(Stored data entries)
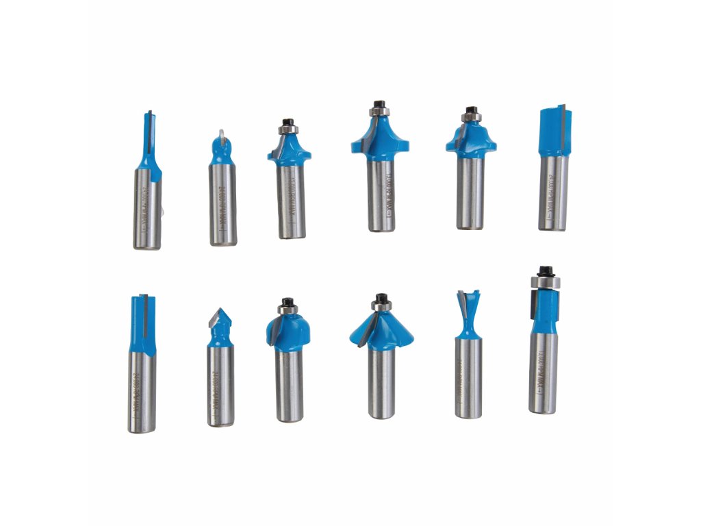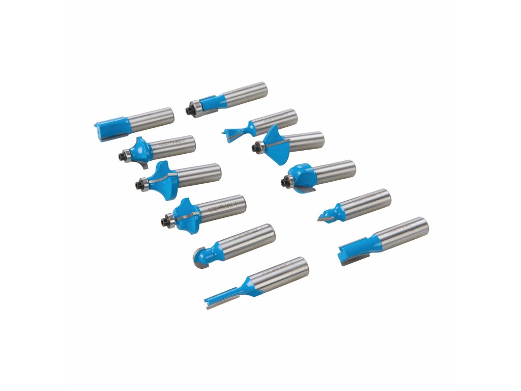 Ostré TCT břity, silná, kalená ocelová stopka 12 mm. Obsah sady: ořezávací fréza 6 × 20 mm, 12 × 20 mm, 16 × 20 mm; fréza na V drážku 90° 12,7 mm; rybinová fréza 12,7 mm; 45° úhlová fréza 32 mm; drážkovací fréza s ložiskem 12,7 × 13 mm; zaoblovací fréza vydutá R 6,3 mm D 22,2mm, R 9,5 mm D 28,6 mm; žlábková fréza R 6,3 mm D 12,7 mm; zaoblovací fréza vypouklá R 6,3 mm D 22,2 mm; profilová čelní fréza R 4 mm D 25,5 mm.
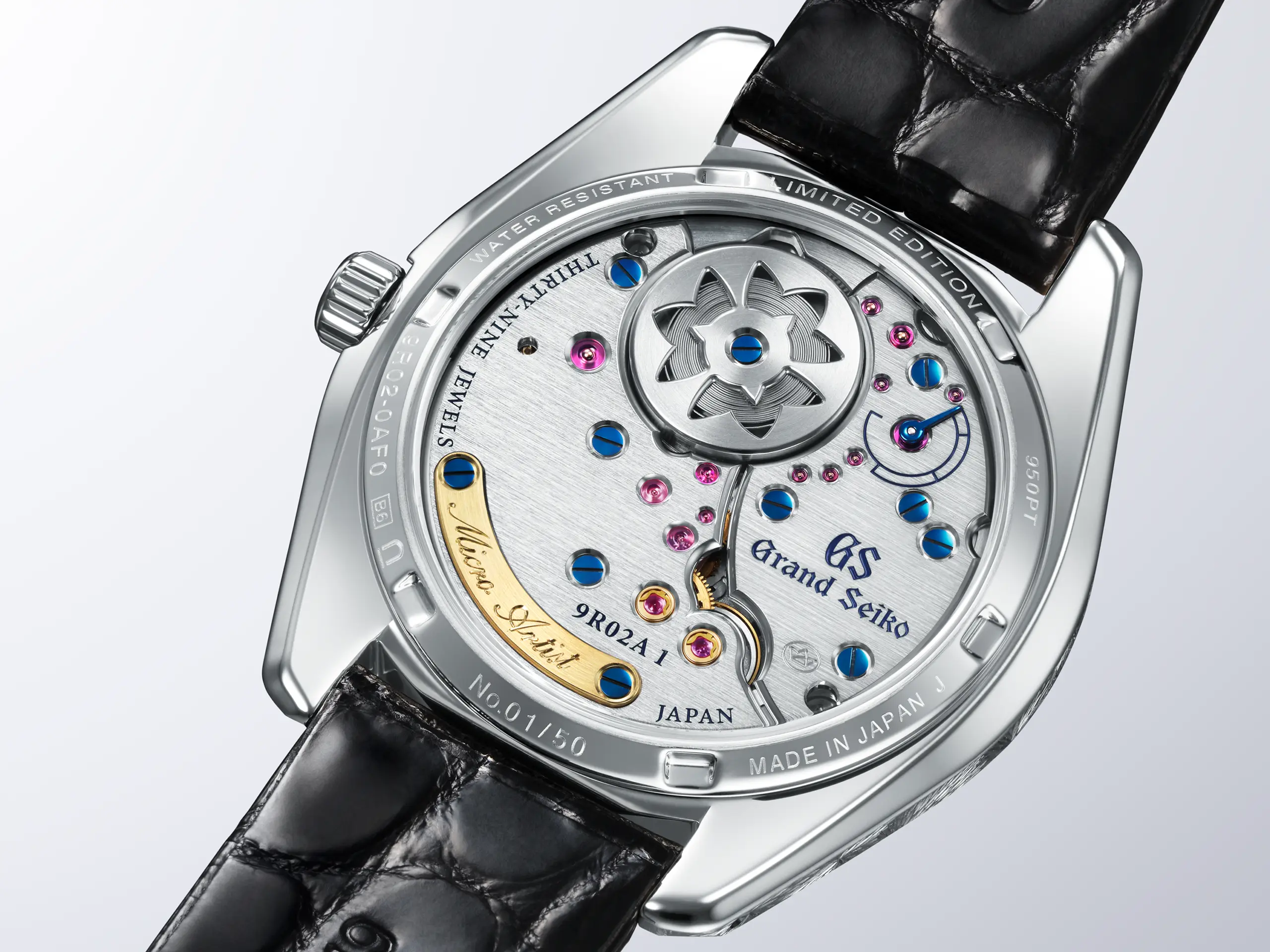 마이크로 아티스트 스튜디오에서 완성되는 스프링 드라이브 칼리버 9R02는 두께가 4mm로 그랜드 세이코에서 가장 얇은 스프링 드라이브 무브먼트라는 타이틀을 갖고 있다. 하나의 배럴 안에 2개의 메인 스프링을 병렬로 설치한 듀얼 스프링 배럴과 토크 리턴 시스템을 이용해 84시간이라는 긴 파워리저브를 구현한다. 토크 리턴 시스템은 메인 스프링이 완전히 감겼을 때 시계의 정확성에 영향을 끼치지 않는 30% 정도의 에너지를 메인 스프링을 감는데 활용하여 파워리저브를 늘리는 기술이다. 파란색 나사와 붉은색 루비 주얼이 어우러진 브리지는 결을 살려 마무리했다. 모서리는 손으로 폴리시드 처리해 브리지 표면과 대비를 이룬다. 배럴은 나가노현 시오리지시의 상징인 종 모양의 초롱꽃을 모티프로 삼아 가공했다. 무브먼트 하단에는 마이크로 아티스트 문구를 새긴 골드 명판을 부착했는데 구매자의 요청에 따라 문구를 수정할 수도 있다. 허용 오차는 월에 ±15초, 일로 변환하면 ±1초에 그친다.
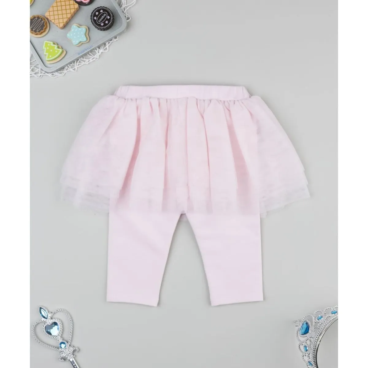 Los leggings rosa con falda de tul incorporada son una prenda divertida y cómoda para niña. Combinan la practicidad de unos leggings elásticos con el encanto de una faldita vaporosa.
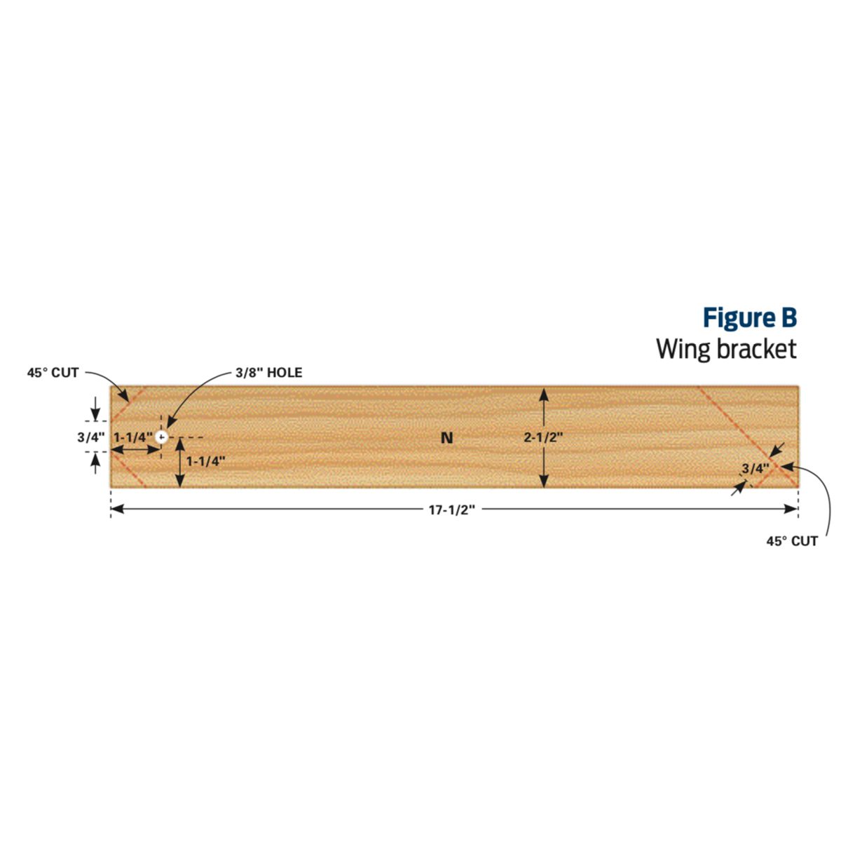 Secure the ‘wing frames’ to the cabinet using 24-in. piano hinges (Photo 6). Set the wing frames on the cabinet while installing the hinges to give you the right hinge position (you want the hinge knuckle flush with, or slightly above, the top of the plywood). Cut the wing brackets (N) and rungs (P), then nail them into a U-shape. Drill 3/8-in. holes through the wing brackets and 5/16-in. holes in the sides of the wing frames as shown in Figure A, then connect them with 2-in. bolts (Photo 7). Install the wing panels (H) using glue and screws.
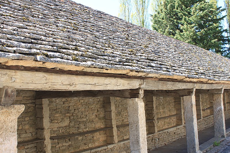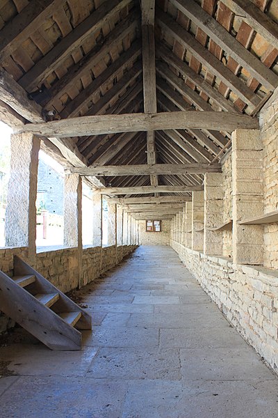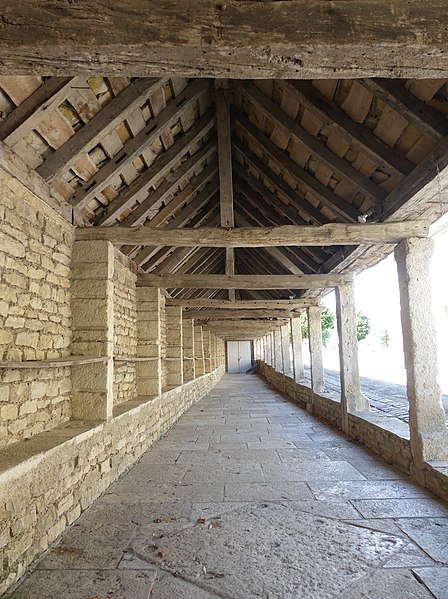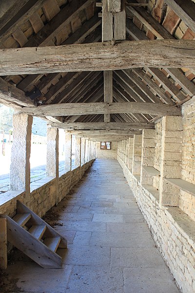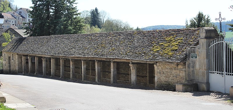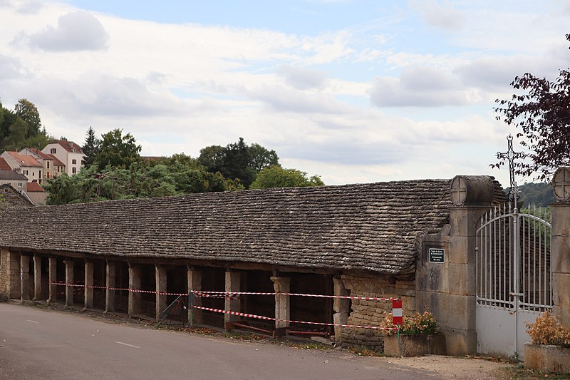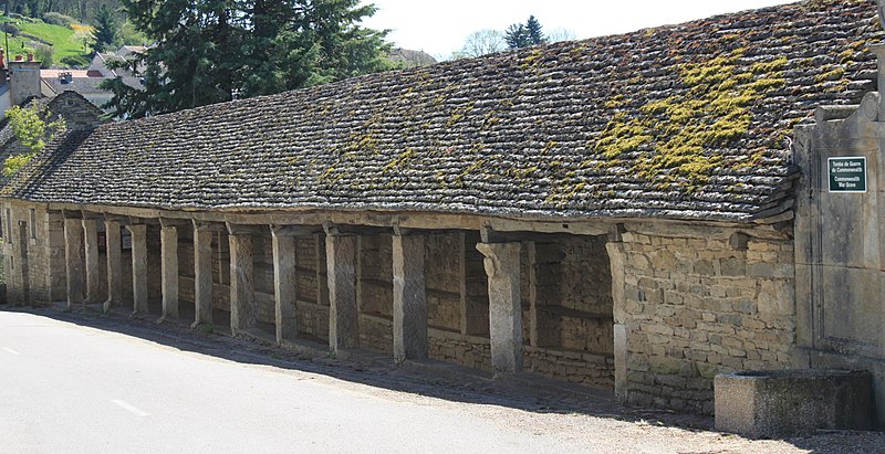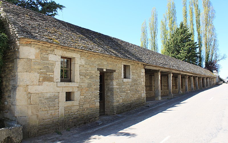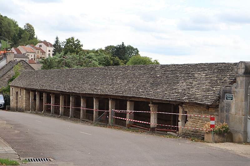 La halle de Salmaise, située à 400 m d'altitude dans la commune de Salmaise (Côte-d'Or), est un édifice en pierre adossé au cimetière et desservi par la RD 117. Bâtie tout en longueur, elle présente une façade rectiligne rythmée par onze piliers carrés et repose sur un sol dallé, conçu pour compenser la pente de la route. Sa charpente à deux pans, sans support intermédiaire, est couverte de lauze et le mur du fond est dépourvu d'ouvertures. L'édifice a été initié dans la seconde moitié du XIIIe siècle : par la charte des libertés du 12 mai 1265, Étienne II de Mont-Saint-Jean permit aux Salmaisiens d'y établir un marché couvert, en réutilisant notamment des piliers gallo-romains. Sur le dernier pilier se lit un blason orné d'un croissant et de trois étoiles, qui pourrait correspondre aux armes de Guillaume II, seigneur de Salmaise, tué à la bataille de Mansourah lors de la septième croisade en 1250. Pendant longtemps la halle a servi de lieu de rassemblement et de délibération : y étaient nommés le maire, les échevins, le recteur d'école, le garde, les pâtres et le marguillier, et s'y tenaient les marchés ainsi que cinq grandes foires annuelles. Classée au titre des monuments historiques par arrêté du 4 août 1930, elle conserve son intérêt architectural mais son étroitesse et la proximité de la route principale, sans aire de déambulation, limitent aujourd'hui les possibilités d'utilisation.

◆ TASK INSTRUCTIONS
Begin at the first line of the records. Print every line through the one containing "Secure the ‘wing" exactly, but skip the pictures.

◆ YOUR RESPONSE
 Ostré TCT břity, silná, kalená ocelová stopka 12 mm. Obsah sady: ořezávací fréza 6 × 20 mm, 12 × 20 mm, 16 × 20 mm; fréza na V drážku 90° 12,7 mm; rybinová fréza 12,7 mm; 45° úhlová fréza 32 mm; drážkovací fréza s ložiskem 12,7 × 13 mm; zaoblovací fréza vydutá R 6,3 mm D 22,2mm, R 9,5 mm D 28,6 mm; žlábková fréza R 6,3 mm D 12,7 mm; zaoblovací fréza vypouklá R 6,3 mm D 22,2 mm; profilová čelní fréza R 4 mm D 25,5 mm.
 마이크로 아티스트 스튜디오에서 완성되는 스프링 드라이브 칼리버 9R02는 두께가 4mm로 그랜드 세이코에서 가장 얇은 스프링 드라이브 무브먼트라는 타이틀을 갖고 있다. 하나의 배럴 안에 2개의 메인 스프링을 병렬로 설치한 듀얼 스프링 배럴과 토크 리턴 시스템을 이용해 84시간이라는 긴 파워리저브를 구현한다. 토크 리턴 시스템은 메인 스프링이 완전히 감겼을 때 시계의 정확성에 영향을 끼치지 않는 30% 정도의 에너지를 메인 스프링을 감는데 활용하여 파워리저브를 늘리는 기술이다. 파란색 나사와 붉은색 루비 주얼이 어우러진 브리지는 결을 살려 마무리했다. 모서리는 손으로 폴리시드 처리해 브리지 표면과 대비를 이룬다. 배럴은 나가노현 시오리지시의 상징인 종 모양의 초롱꽃을 모티프로 삼아 가공했다. 무브먼트 하단에는 마이크로 아티스트 문구를 새긴 골드 명판을 부착했는데 구매자의 요청에 따라 문구를 수정할 수도 있다. 허용 오차는 월에 ±15초, 일로 변환하면 ±1초에 그친다.
 Los leggings rosa con falda de tul incorporada son una prenda divertida y cómoda para niña. Combinan la practicidad de unos leggings elásticos con el encanto de una faldita vaporosa.
 Secure the ‘wing frames’ to the cabinet using 24-in. piano hinges (Photo 6). Set the wing frames on the cabinet while installing the hinges to give you the right hinge position (you want the hinge knuckle flush with, or slightly above, the top of the plywood). Cut the wing brackets (N) and rungs (P), then nail them into a U-shape. Drill 3/8-in. holes through the wing brackets and 5/16-in. holes in the sides of the wing frames as shown in Figure A, then connect them with 2-in. bolts (Photo 7). Install the wing panels (H) using glue and screws.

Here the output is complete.